* Task directions *
Although the data holds pictures, return only the lines from the one containing "- 추천 이유: 매끈한" to the end, exactly, and without them.

[Supplied material — start]

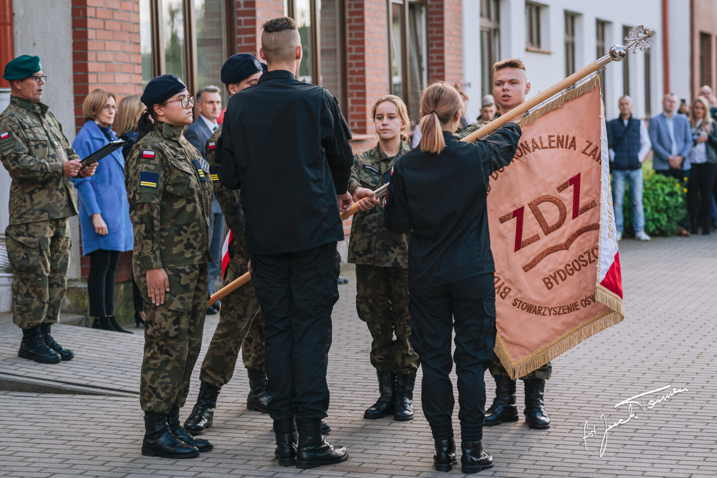 30 września uczniowie klasy I i II Technikum Mundurowego Bydgoskiego Zakładu Doskonalenia Zawodowegow Mroczy, w obecności dyrektor Marii Jolanty Miler, Pawła Duzdowskiego -prezesa BZDZ, pułkownika Krzysztofa Grocha, Waldemara Chudzika – zastępcy burmistrza Miasta i Gminy Mrocza, Jarosława Odrobińskiego – przewodniczącego Rady Miejskiej w Mroczy, Katarzyny Tomasz – opiekuna Samorządu Uczniowskiego TM, wychowawców klas Ewy Tomaszewskiej (1a), Justyny Misterkiewicz (klasa 2a) oraz zgromadzonych gości, złożyli uroczyste ślubowanie.
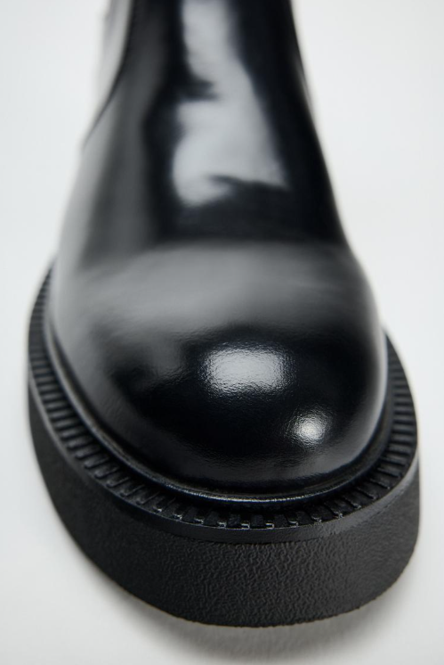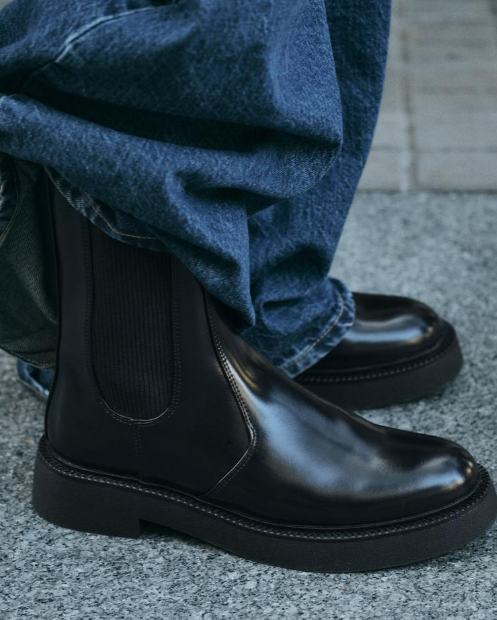 - 추천 이유: 매끈한 블랙 광택 가죽과 두꺼운 아웃솔로 모던하면서도 트렌디한 매력을 가진 아이템입니다. 군더더기 없는 깔끔한 디자인과 편안한 착용감이 특징으로, 데일리룩부터 포멀 한 룩까지 다양하게 활용하기 좋습니다. 특히 엘라스틱 밴드 디테일이 실용적이면서도 시크한 분위기를 더해줍니다.
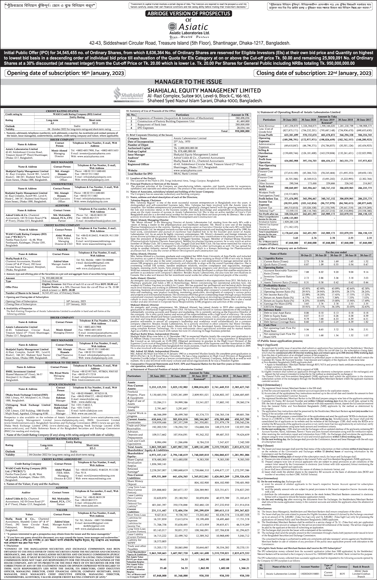 Abridge Version of Prospectus of Asiatic Laboratories Limited

[Supplied material — finish]

* Result *
 - 추천 이유: 매끈한 블랙 광택 가죽과 두꺼운 아웃솔로 모던하면서도 트렌디한 매력을 가진 아이템입니다. 군더더기 없는 깔끔한 디자인과 편안한 착용감이 특징으로, 데일리룩부터 포멀 한 룩까지 다양하게 활용하기 좋습니다. 특히 엘라스틱 밴드 디테일이 실용적이면서도 시크한 분위기를 더해줍니다.
 Abridge Version of Prospectus of Asiatic Laboratories Limited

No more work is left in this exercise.